Дуглас Брайан
Вендийское проклятие
(Конан)
– Вы когда-нибудь видели подобное завещание? – со смехом спросил Илькавар, показывая документ своим собутыльникам.
Илькавар слыл едва ли не самым беспечным гулякой во всей Тарантии. Это был молодой аквилонец, белокурый, с широко расставленными светлыми глазами. Его кожа была розовой, как у девушки, и легко краснела, так что у неопытных людей создавалось впечатление, будто Илькавар застенчив. Он заливался багрецом по любому поводу.
Однако чаще всего невинный румянец играл на щеках Илькавара лишь потому, что юноша успел выпить бокал-другой доброго вина – как правило, за чужой счет.
Угощали его охотно: он слыл добрым малым. И уж если Илькавар участвует в попойке, то можно быть уверенным: никаких драк с членовредительством не воспоследует, зато напьются все до положения риз и проснутся наутро с ужасной головной болью. А Илькавар – тут как тут, веселый, безотказный, с отменным противопохмельным зельем в кувшине.
Несколько раз его забирала городская стража – за нарушение общественного спокойствия. Бывали случаи, когда Илькавар с друзьями явно перебирал лишнего. Тогда они принимались слоняться по ночной Тарантии, горланя песни и стуча в окна добропорядочных граждан, уже отошедших ко сиу.
В конце концов терпение городской стражи лопнуло. Разбуянившихся гуляк похватали и бросили в тюрьму.
Тюрьма в Тарантии размещалась в подземелье одной из городских башен. Поскольку за ее обустройством король Конан следил лично, – а его величество знал толк в тюрьмах, оковах, подземельях, стражниках и заключенных, у которых только побег на уме, – то и темница получилась отменная. Сбежать оттуда было, почитай, невозможно. Сами стены тарантийского узилища навевали отчаяние и ужас. Камни сочились печалью: покрытые мхом и влагой, они как будто наваливались на несчастного узника и отнимали у него последнюю надежду.
Именно это и испытал на собственной шкуре бедный Илькавар. Здоровый, полный необузданного веселья и сил юноша быстро растратил всю свою жизнерадостность и превратился в подобие прежнего Илькавара.
Его собутыльники, люди гораздо более состоятельные, чем он, сумели договориться со стражей. Капитан получил от них сердечную клятву вести себя отныне и впредь тихо и прилично, даже в пьяном виде. Клятва сия была подкреплена распиской кровью и некоторой суммой денег, окончательно смягчившей душу сговорчивого капитана.
– Однако об аресте уже доложили королю, – сказал капитан напоследок, когда переговорщики уже собрались было покидать тюрьму. – Я должен представить ему хотя бы одного арестованного.
– Неужели король Конан вникает в такие мелочи? – удивились друзья Илькавара.

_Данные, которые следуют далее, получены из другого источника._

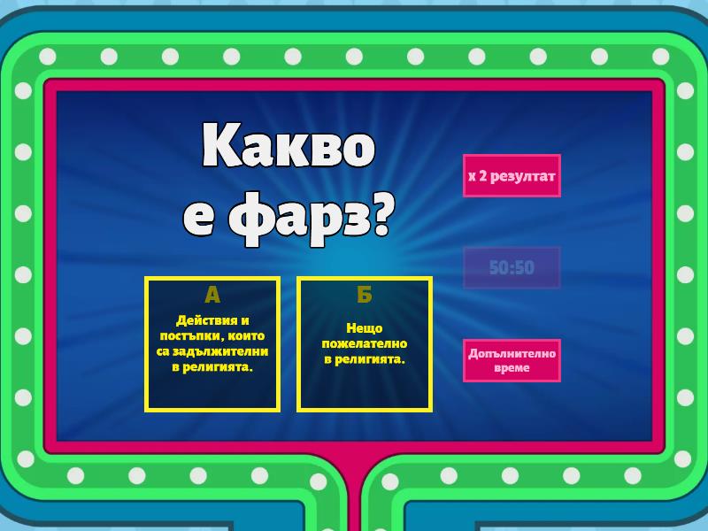 1) Какво е фарз? a) Действия и постъпки, които са задължителни в религията. b) Нещо пожелателно в религията. 2) Кое от посочените е фарз? a) Зекят b) Коленето на курбан 3) Колко вида фарз има? a) Фарз-мустехаб и Фарз-сюннет b) Фарз-и айн и Фарз-и кифайе 4) Какво представлява фарз-и айн? a) Задължение, което всеки сам трябва да извърши. b) Задължение, което няма проблем да не извършиш. 5) Какво е фарз-и кифайе? a) Задължение, което всеки сам трябва да извърши. b) Задължение, което ако един мюсюлманин извърши, отговорността отпада от останалите. 6) Кое от изброените е фарз-и айн? a) Намаз b) Да отидеш на погребение 7) Кое от изброените е фарз-и кифайе? a) Оруч b) Да кланяш дженазе намаз 8) Отричането на фарз води до: a) излизане от религията b) награда (севаб) 9) Не изпълняването на фарз води до: a) излизане от религията b) грях 10) Изпълняването на фарз води до: a) награда (севаб) b) грях 11) Какво е ваджиб? a) Действие, което е заповядано да се извърши, без категорично доказателство. b) Действие, което е забранено. 12) Кое от посочените е ваджиб? a) Хадж b) Байрям намаз 13) Отричането на ваджиб води до: a) излизане от религията b) грях 14) Изпълняването на ваджиб води до: a) награда (севаб) b) излизане от религията 15) Какво е сюннет? a) Забранени действия в исляма. b) Действия, които Мухаммед (с.а.с) е правил и одобрявал. 16) Какво е сюннет-и мюеккеде? a) Действия, които Мухаммед (с.а.с) много рядко пропускал. b) Действия, които Мухаммед (с.а.с) категорично е забранил. 17) Какво е сюннет-и гайр-и мюеккеде? a) Действия, които Мухаммед (с.а.с.) е изпълнявал рядко. b) Действия, които Мухаммед (с.а.с) категорично е забранил. 18) Не изпълнението на сюннет води до: a) грях b) пропускане на награда (севаб) 19) Кое от посочените е сюннет? a) Два рекята намаз на сабах, преди фарза. b) Два рекята намаз, когато си пожелаеш. 20) Какво е мустехаб? a) Нежелателни постъпки. b) Добри постъпки, които нямат задължителен характер. 21) Кое от посочените е мустехаб? a) Подаряване на подарък b) Пушене на цигари
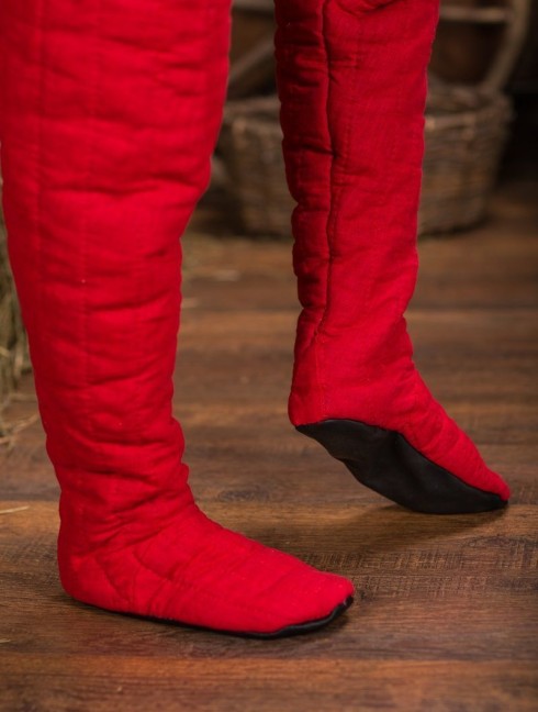 Classic medieval padded chausses can be used almost with any type of armour. They provides with perfect additional protection of legs, amortize strikes will and do not limit mobility. Leather sole makes chausses very comfortable. Chausses are being fastened with leather string to the wide fabric belt.

– Король Конан слишком хорошо понимает – что такое отобрать у человека свободу, – ответил капитан, морщась и вздыхая. – Поэтому о любом аресте ему докладывают.
– У тебя же остался арестованный, – со смехом ответили ему гуляки. И указали на Илькавара.
Поначалу юноша думал, что это всего лишь шутка. Что они нарочно его пугают, чтобы потом уйти всем вместе, в обнимку, как всегда, и хохоча вспоминать, как побледнел Илькавар и как удачно его разыграли.
Но услышанное вовсе не было шуткой. Илькавара схватили и заковали в цепи, а его друзья торопливо скрылись за дверью. Они спешили покинуть тюрьму и вернуться к родному очагу. Что до Илькавара, то он, оглушенный всем случившимся, безвольно потащился за стражниками в тюремную камеру.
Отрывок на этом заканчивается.